### [What is needed]
Restate word for word the entries below, starting at the line with "- What You Will" and ending at the line with "Zegar industrialny rzeźba.". Keep both end lines and omit the pictures.

### [Source data]
┌──

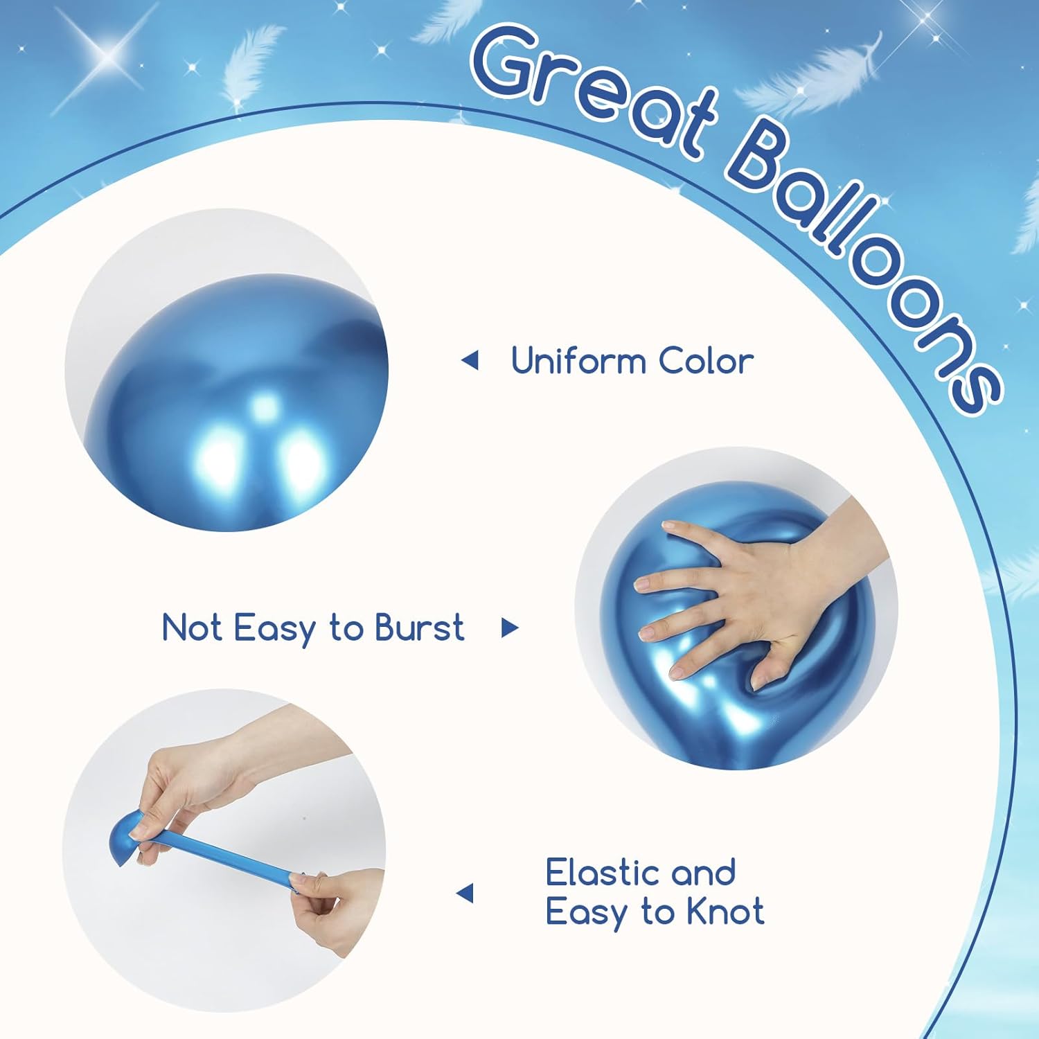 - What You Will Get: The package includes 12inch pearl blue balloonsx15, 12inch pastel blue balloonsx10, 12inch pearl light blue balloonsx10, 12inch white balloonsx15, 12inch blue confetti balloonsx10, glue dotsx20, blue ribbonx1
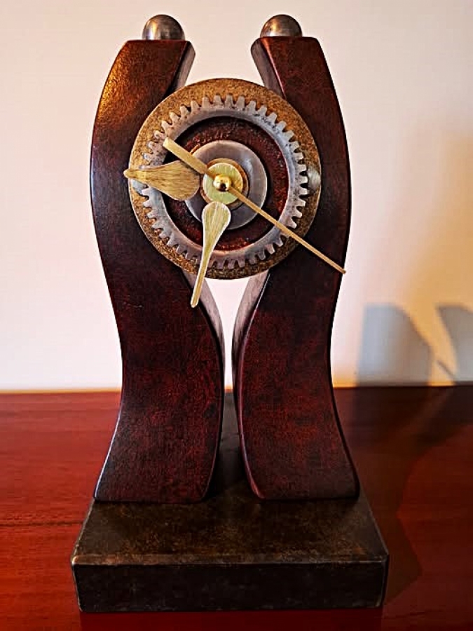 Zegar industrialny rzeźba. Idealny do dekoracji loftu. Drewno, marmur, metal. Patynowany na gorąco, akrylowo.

└──
┌──

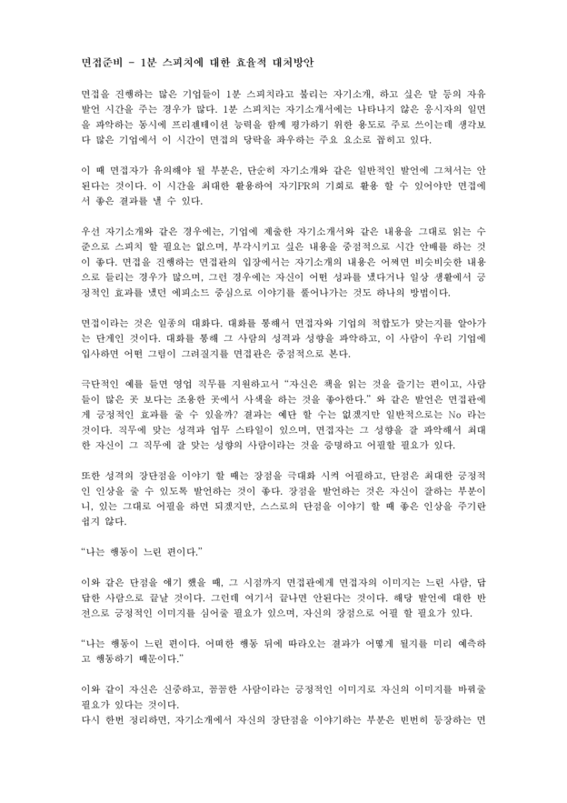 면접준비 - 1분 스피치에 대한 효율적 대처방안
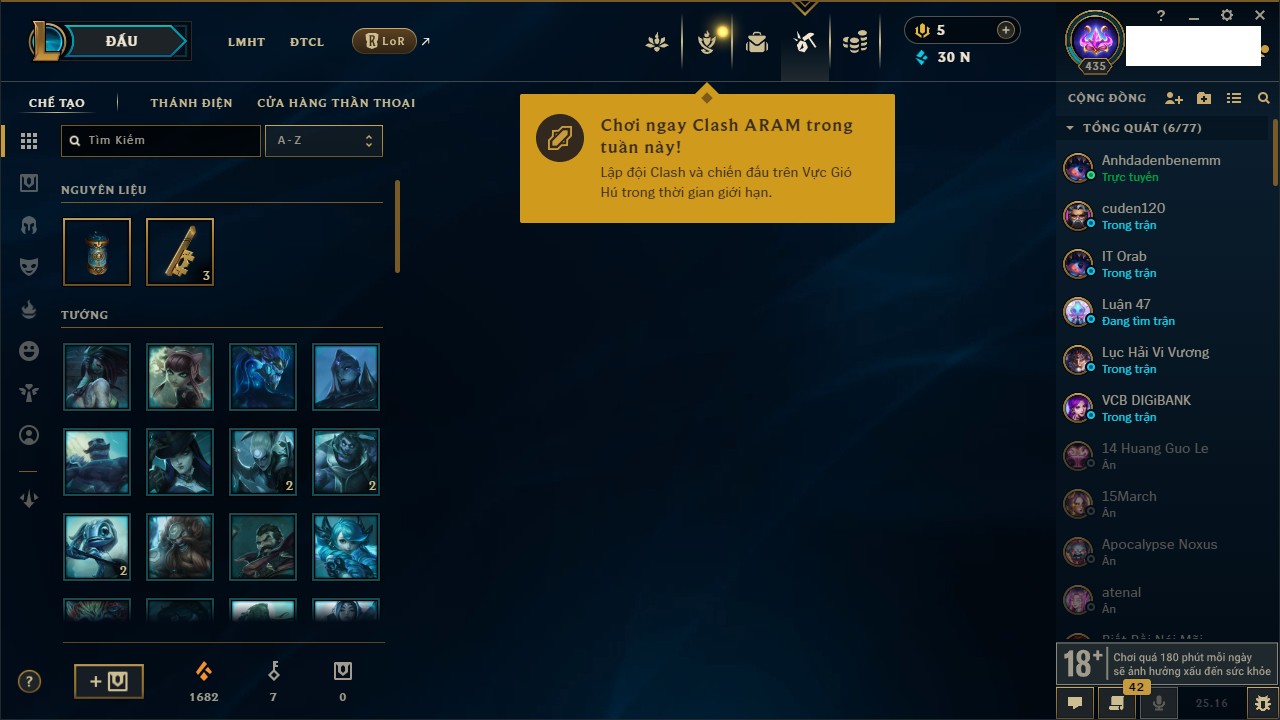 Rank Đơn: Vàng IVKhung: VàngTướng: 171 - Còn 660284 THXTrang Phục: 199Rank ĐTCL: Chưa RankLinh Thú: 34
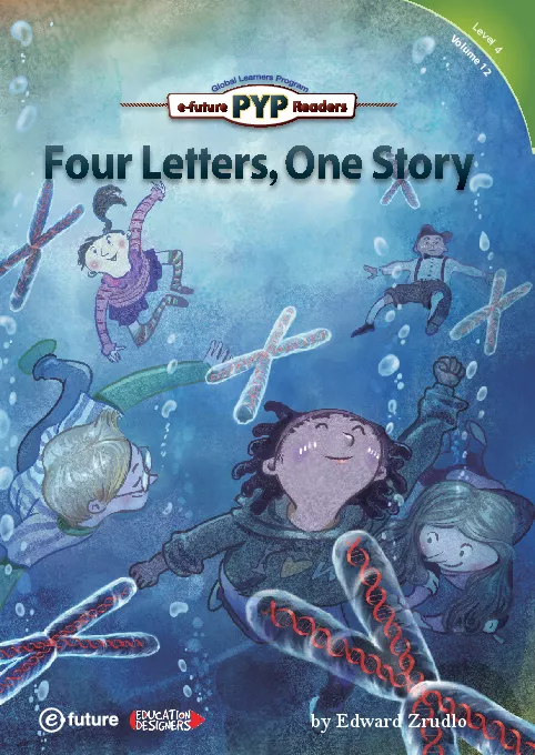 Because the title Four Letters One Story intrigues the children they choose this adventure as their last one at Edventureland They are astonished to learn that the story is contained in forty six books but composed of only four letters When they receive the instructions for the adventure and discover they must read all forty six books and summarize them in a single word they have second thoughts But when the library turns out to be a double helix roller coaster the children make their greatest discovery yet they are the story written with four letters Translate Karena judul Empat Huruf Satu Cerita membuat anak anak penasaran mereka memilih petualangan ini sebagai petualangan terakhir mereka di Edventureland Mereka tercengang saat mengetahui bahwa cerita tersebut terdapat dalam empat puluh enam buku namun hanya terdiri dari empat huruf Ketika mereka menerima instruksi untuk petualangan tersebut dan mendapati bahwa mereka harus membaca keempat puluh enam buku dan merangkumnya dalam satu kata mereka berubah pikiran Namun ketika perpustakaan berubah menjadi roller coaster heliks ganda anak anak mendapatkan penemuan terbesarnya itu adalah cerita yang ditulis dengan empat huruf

└──
┌──

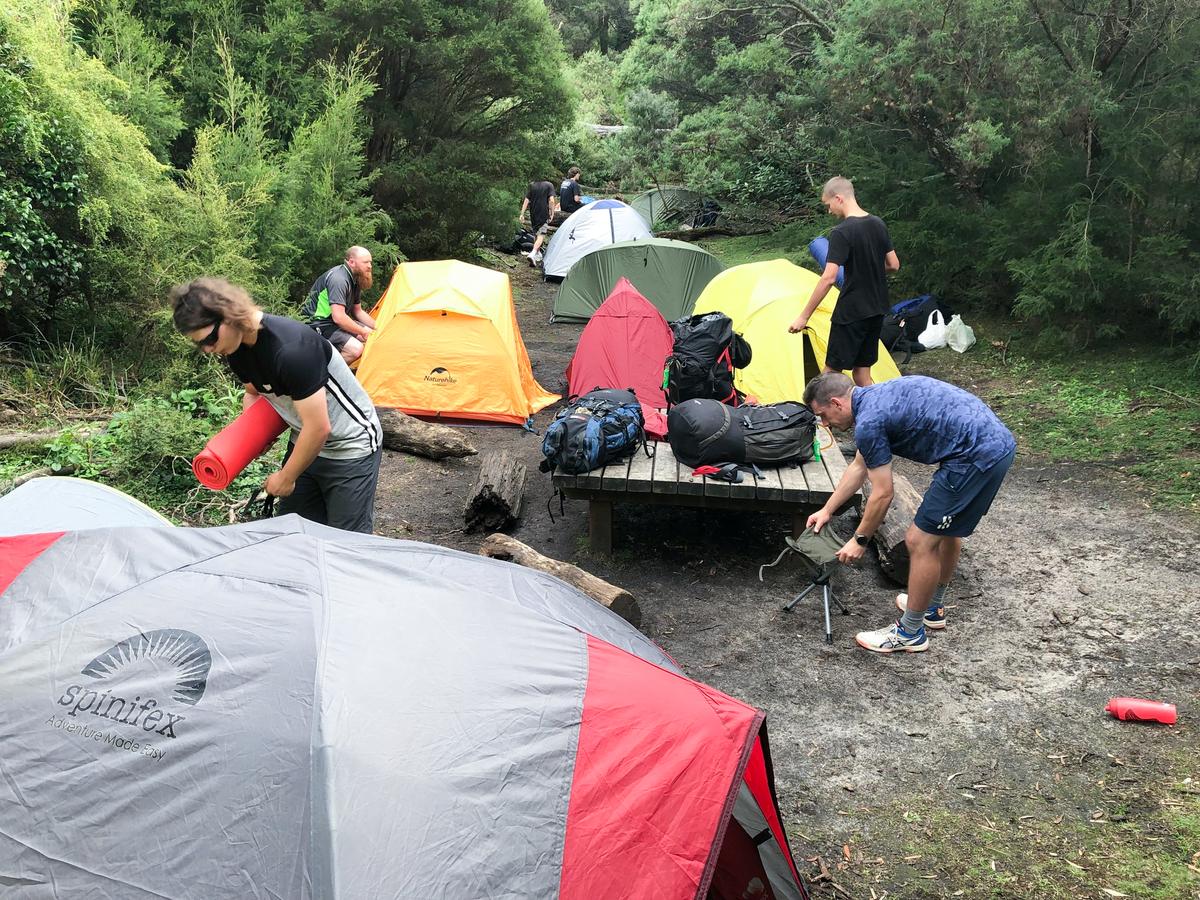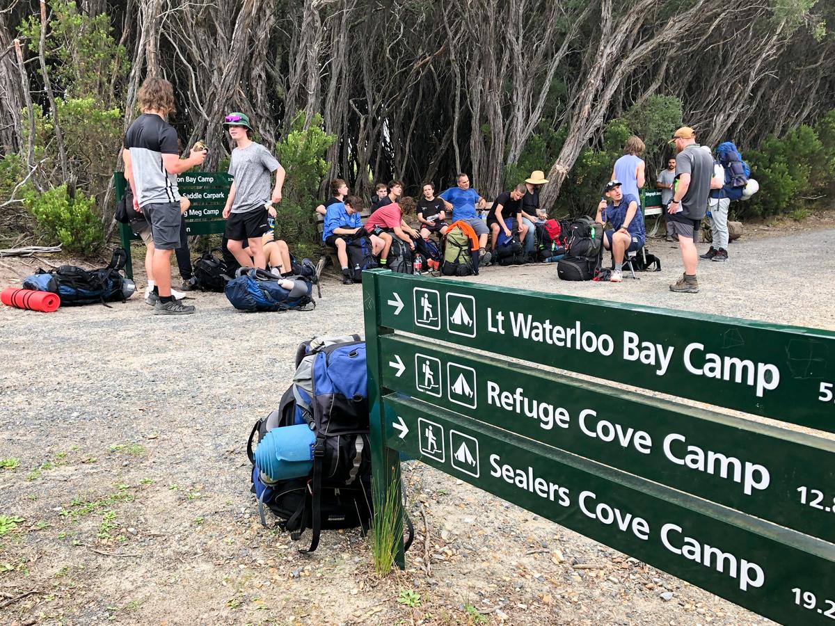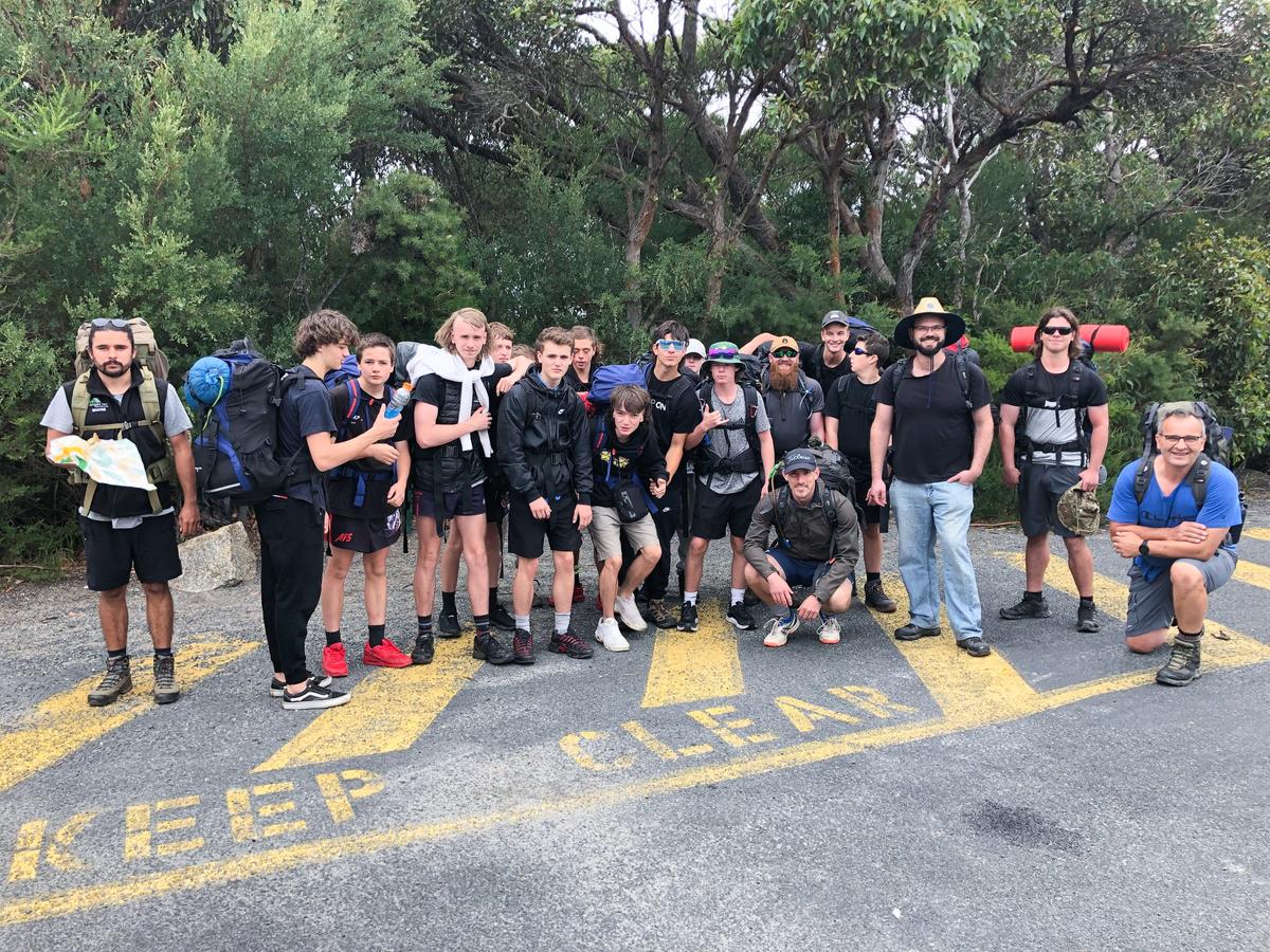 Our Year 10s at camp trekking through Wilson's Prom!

└──

### [Final answer]
 - What You Will Get: The package includes 12inch pearl blue balloonsx15, 12inch pastel blue balloonsx10, 12inch pearl light blue balloonsx10, 12inch white balloonsx15, 12inch blue confetti balloonsx10, glue dotsx20, blue ribbonx1
 Zegar industrialny rzeźba. Idealny do dekoracji loftu. Drewno, marmur, metal. Patynowany na gorąco, akrylowo.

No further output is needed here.